Maybe there's a way to plug opportunistic dedupe into a defrag algorithm
the same way there's a way to plug opportunistic defrag into a dedupe
algorithm. I don't know, I'm coming at this from the dedupe side.
If the solution looks anything like "run both separately" then I'm
not interested.
I would suggest one of the two following simple solutions:
a) the on-demand defrag should be run BEFORE AND AFTER the
on-demand dedupe.
or b) the on-demand defrag should be run BEFORE the on-demand dedupe,
and on-demand dedupe uses defrag functionality to defrag while dedupe
is in progress.
So I guess you were thinking about the solution b) all the time when
you said that dedupe and defrag need to be related.
> Extent splitting in-place is not possible on btrfs, so extent boundary
> changes necessarily involve data copies. Reference counting is done
> by extent in btrfs, so it is only possible to free complete extents.
Great, there is reference counting in btrfs. That helps. Good design.
Well, I say "reference counting" because I'm simplifying for an audience
that does not yet all know the low-level details. The counter, such as
it is, gives values "zero" or "more than zero." You never know exactly
how many references there are without doing the work to enumerate them.
The "is extent unique" function in btrfs runs the enumeration loop until
the second reference is found or the supply of references is exhausted,
whichever comes first. It's a tradeoff to make snapshots fast.
Well, that's a disappointment.
When a reference is created to a new extent, it refers to the entire
extent.
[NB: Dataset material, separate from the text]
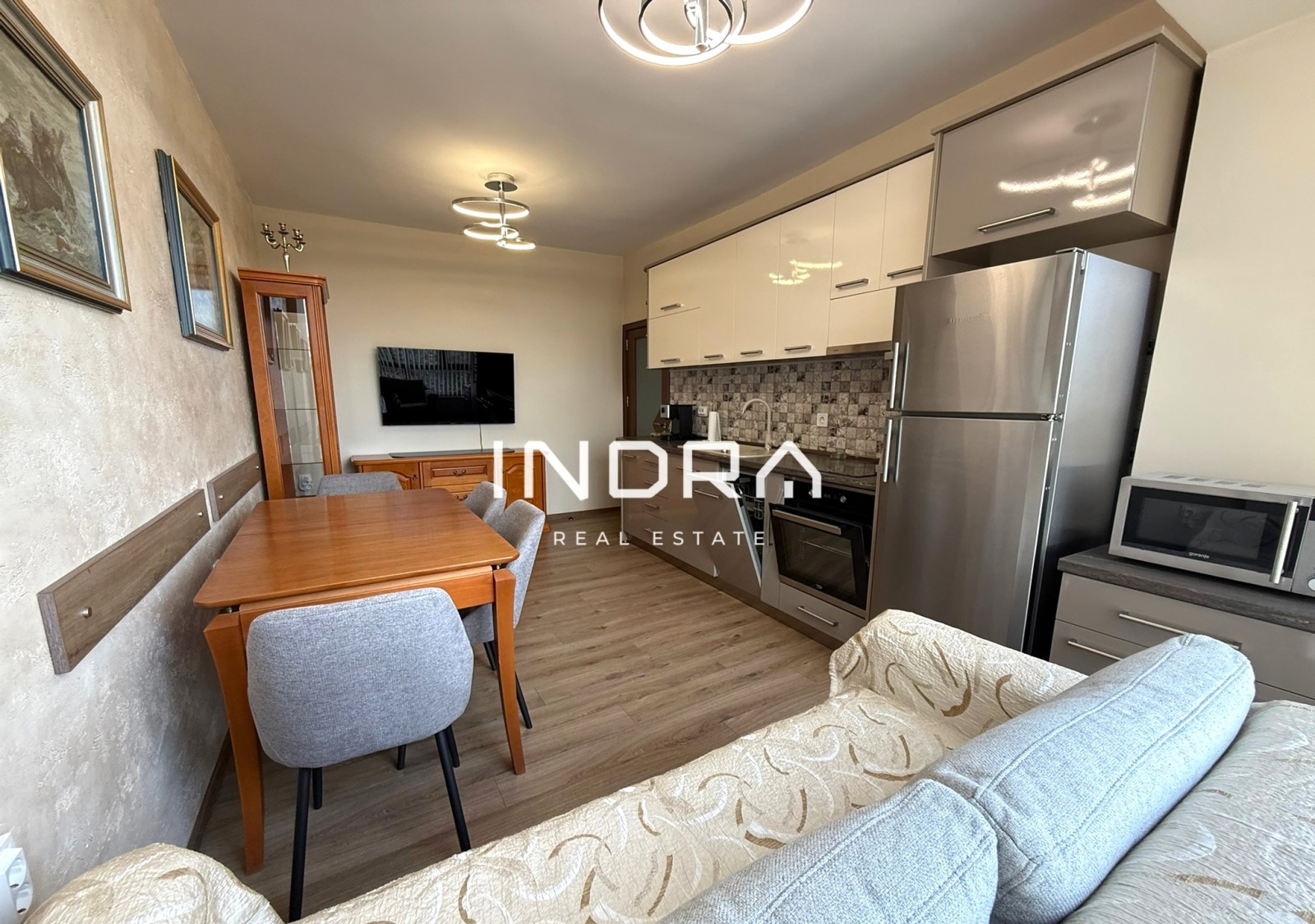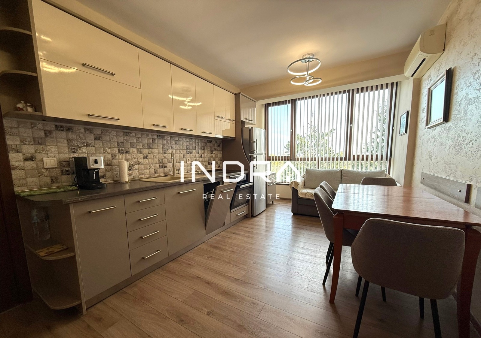 Дневна с напълно оборудвана кухня, включително съдомиялна и висок клас уреди

References can refer to parts of extents (the reference has an
offset and length field), so when an extent is partially overwritten, the
extent is not modified. Only the reference is modified, to make it refer
to a subset of the extent (references in other snapshots are not changed,
and the extent data itself is immutable). This makes POSIX fast, but it
creates some headaches related to garbage collection, dedupe, defrag, etc.
Ok, got it. Thaks.